Task-Level Callbacks¶

from antflow import Stage

async def on_task_failure(task_name, item_id, error):
    print(f"Task {task_name} failed for item {item_id}")
    print(f"Error: {error}")
    # Record failure for analysis

stage = Stage(
    name="DetailedStage",
    workers=2,
    tasks=[task1, task2],
    on_task_failure=on_task_failure
)

Collecting Failed Items¶

from antflow import Pipeline, Stage

failed_items = []

async def collect_failures(payload):
    failed_items.append({
        'id': payload['id'],
        'error': payload['error'],
        'stage': payload['stage']
    })

stage = Stage(
    name="MyStage",
    workers=3,
    tasks=[my_task],
    retry="per_task",
    task_attempts=3,
    on_failure=collect_failures
)

pipeline = Pipeline(stages=[stage])
results = await pipeline.run(items)

# Analyze failures
print(f"Succeeded: {len(results)}")
print(f"Failed: {len(failed_items)}")
for failed in failed_items:
    print(f"  Item {failed['id']}: {failed['error']}")

Retry Strategies¶

AntFlow provides two retry strategies for pipelines:

Per-Task Retry¶

Each task retries independently using tenacity:

from antflow import Stage

stage = Stage(
    name="RobustStage",
    workers=5,
    tasks=[api_call],
    retry="per_task",
    task_attempts=5,
    task_wait_seconds=2.0
)

If a task fails after all retries, the stage fails for that item.

Per-Stage Retry¶

The entire stage retries on any task failure:

from antflow import Stage

stage = Stage(
    name="TransactionalStage",
    workers=2,
    tasks=[begin_tx, update_data, commit_tx],
    retry="per_stage",
    stage_attempts=3
)

Failed items are re-queued at the beginning of the stage.

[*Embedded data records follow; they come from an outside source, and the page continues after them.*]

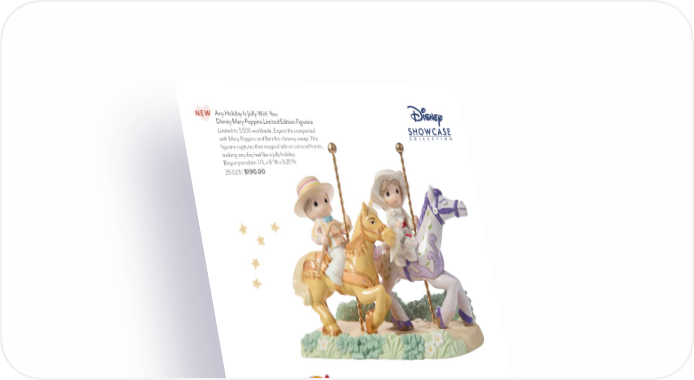You’re A Sensation Disney Dumbo Musical Timothy Q. Mouse convinces Dumbo he is indeed a sensation as they soar above the Big Top. This musical plays the tune “Entry of the Gladiators”. Resin. 5.5"H. 232110 | $60.00 Any Holiday Is Jolly With You Disney Mary Poppins Limited Edition Figurine Limited to 3,500 worldwide. Expect the unexpected with Mary Poppins and Bert the chimney sweep. This figurine captures their magical ride on carousel horses, making any day feel like a jolly holiday. Bisque porcelain. 11"L x 6"W x 9.25"H. 251023 | $190.00 NEW You’re My Wish Come True Disney Snow White Limited Edition Figurine Limited to 3,500 pieces worldwide. Disney’s very first princess and prince sparked a whole new genre of entertainment – full-length, animated feature films. This breathtaking Limited Edition figurine captures their magic meeting in front of the very well she made her wish to find true love. Bisque porcelain. 7.25"L x 6.5"W x 6.75"H. 242011 | $170.00 PreciousMoments.com | 866-336-2554 58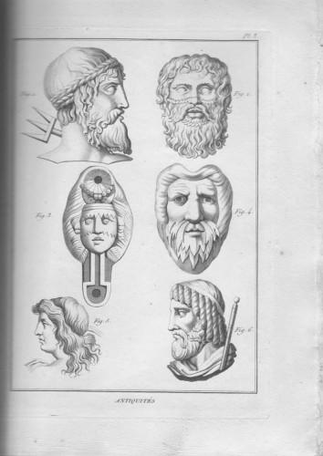 in 4°, pp. 2 b., 2 nn., viij, 40 di testo, 97 tavv. f.t.; leg. coeva m/tela verde con piatti marmor., tit. in oro su tass. al ds. L'A., specialista in antichità classica, epigrafia, iconografia, storia dei costumi e numismatica, intraprende nel 1786 la pubblicazione di quest'opera (in 2 volumi con 380 tavv.), che fa parte dell'Encyclopédie méthodique di Panckoucke, opera monumentale in 210 volumi pubblicati nel corso di 50 anni. Il presente volume contiene: Observations generales sur ce recueil d'antiquites; Ordre des tetes mythologiques; Table de la seconde partie; Chap. 1° - Tetes mythologiques; Chap. 2° - Armes offensives; Chap. 3° - Cavaliers et chevaux de guerre; Chap. 4° - Enseignes militaires; seguono le 97 tavv. f.t. disegnate da Madame Mongez ed incise sotto la direzione di Bouillard, con visi, acconciature, elmi, corazze, armi da taglio, scudi, punte di frecce, calzari, cavalli e insegne. Lievi ombreggiature ma opera su carta forte con ampi margini ed in barbe.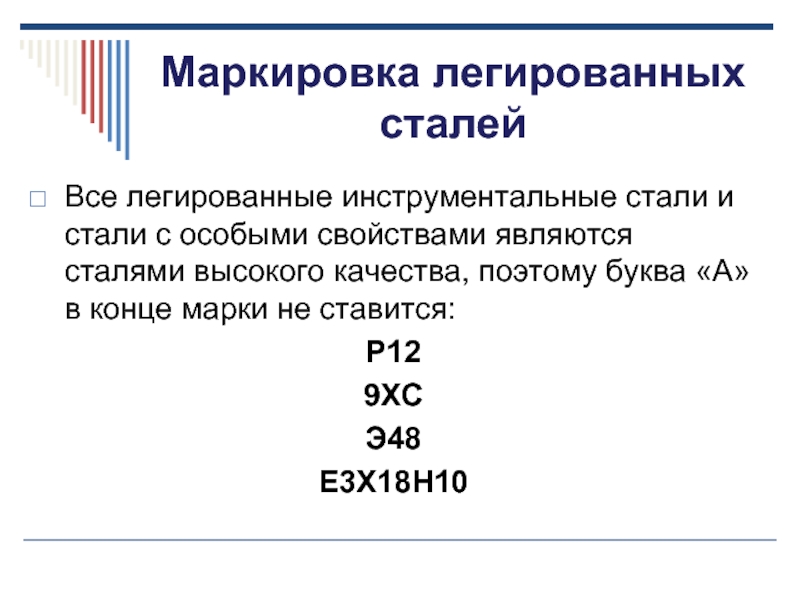Легирующие элементы в маркировке указываются буквами русского алфавита:

Extracting Original Exceptions¶

AntFlow automatically extracts original exceptions from retry wrappers:

from antflow.utils import extract_exception
from tenacity import RetryError

# In callbacks, errors are already extracted
async def on_failure(payload):
    error = payload['error']  # Already the original exception message
    print(f"Original error: {error}")

# Manual extraction if needed
try:
    # ... operation with retry
    pass
except RetryError as e:
    original = extract_exception(e)
    print(f"Original exception: {original}")

Best Practices¶

1. Use Specific Exceptions¶

Catch specific exceptions rather than broad Exception types:

from antflow import AsyncExecutor, ExecutorShutdownError
import logging

logger = logging.getLogger(__name__)

try:
    result = await executor.submit(task, arg)
except ExecutorShutdownError:
    # Handle shutdown specifically
    logger.warning("Executor was shut down")
except ValueError:
    # Handle validation errors
    logger.error("Invalid input")
except Exception as e:
    # Catch-all for unexpected errors
    logger.exception("Unexpected error", exc_info=e)

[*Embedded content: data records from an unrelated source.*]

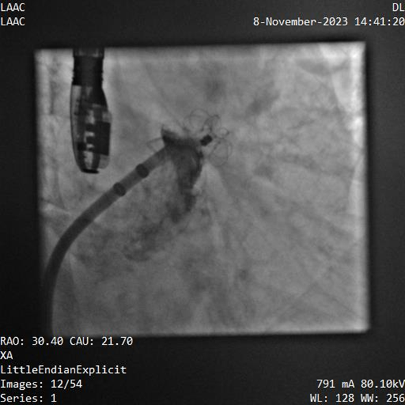 該例患者為男性58歲,陣發(fā)性房顫,9個月前突發(fā)急性腦梗死,3月前曾行房顫射頻消融術。2023年11月經胸超聲心動圖示左房內徑46mm,經食道超聲心動圖示左心房及左心耳內未見血栓形成,CHA2DS2-VASc評分3分,HAS-BLED評分2分。DSA測得左心耳開口直徑約23mm,錨定區(qū)域約18mm。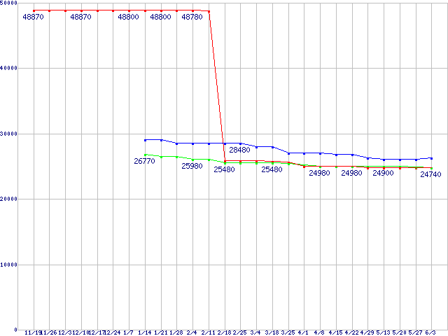 | CPU主要製品(最安値2万円〜3万円未満)の最安値推移 |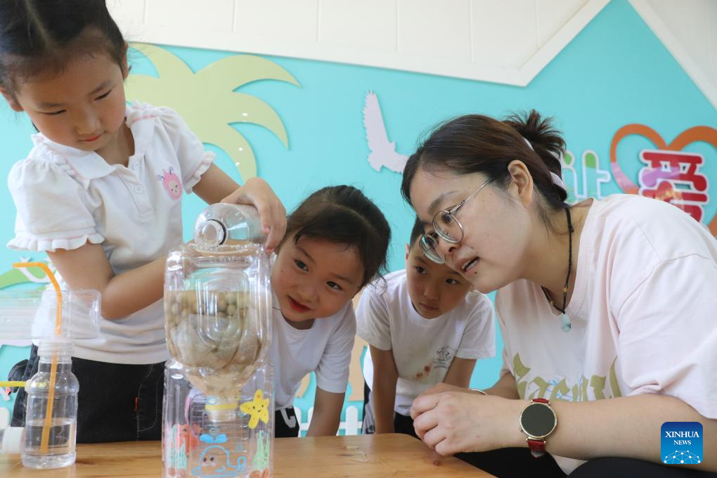 Children use waste bottles to conduct a water purification experiment at a kindergarten in Gaomi City, east China's Shandong Province, on June 4, 2025. Various events are held to raise people's awareness of environmental protection in China ahead of World Environment Day, which falls on June 5. (Photo by Li Haitao/Xinhua)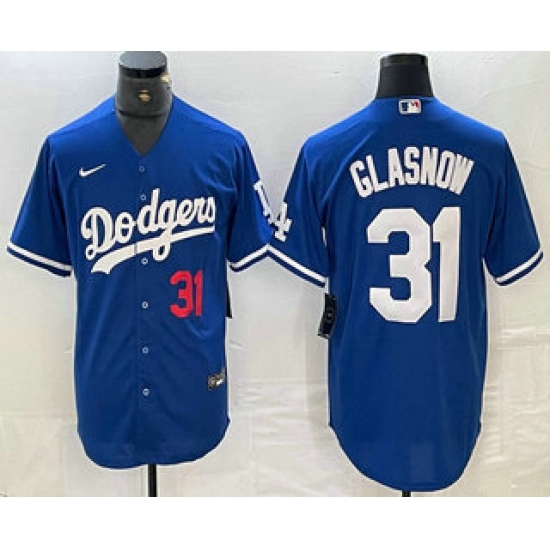 >Men's Los Angeles Dodgers #31 Tyler Glasnow Number Blue Stitched Cool Base Nike Jersey

2. Always Set Failure Callbacks¶

In production, always configure failure callbacks:

from antflow import Stage
import logging

logger = logging.getLogger(__name__)

async def log_failure(payload):
    logger.error(
        "Stage failure",
        extra={
            'item_id': payload['id'],
            'stage': payload['stage'],
            'error': payload['error']
        }
    )

stage = Stage(
    name="ProductionStage",
    workers=10,
    tasks=[process],
    on_failure=log_failure
)

3. Configure Appropriate Retries¶

Choose retry strategies based on your use case:

Idempotent operations: Use per-task retry with high attempts
Transactional operations: Use per-stage retry
External APIs: Use longer wait times between retries

from antflow import Stage

# For external API calls
api_stage = Stage(
    name="API",
    workers=5,
    tasks=[call_api],
    retry="per_task",
    task_attempts=5,
    task_wait_seconds=3.0
)

# For transactional database operations
db_stage = Stage(
    name="Database",
    workers=2,
    tasks=[begin_tx, insert, update, commit],
    retry="per_stage",
    stage_attempts=3
)

4. Monitor Failure Rates¶

Track failures to identify issues:

stats = pipeline.get_stats()
failure_rate = stats.items_failed / (stats.items_processed + stats.items_failed)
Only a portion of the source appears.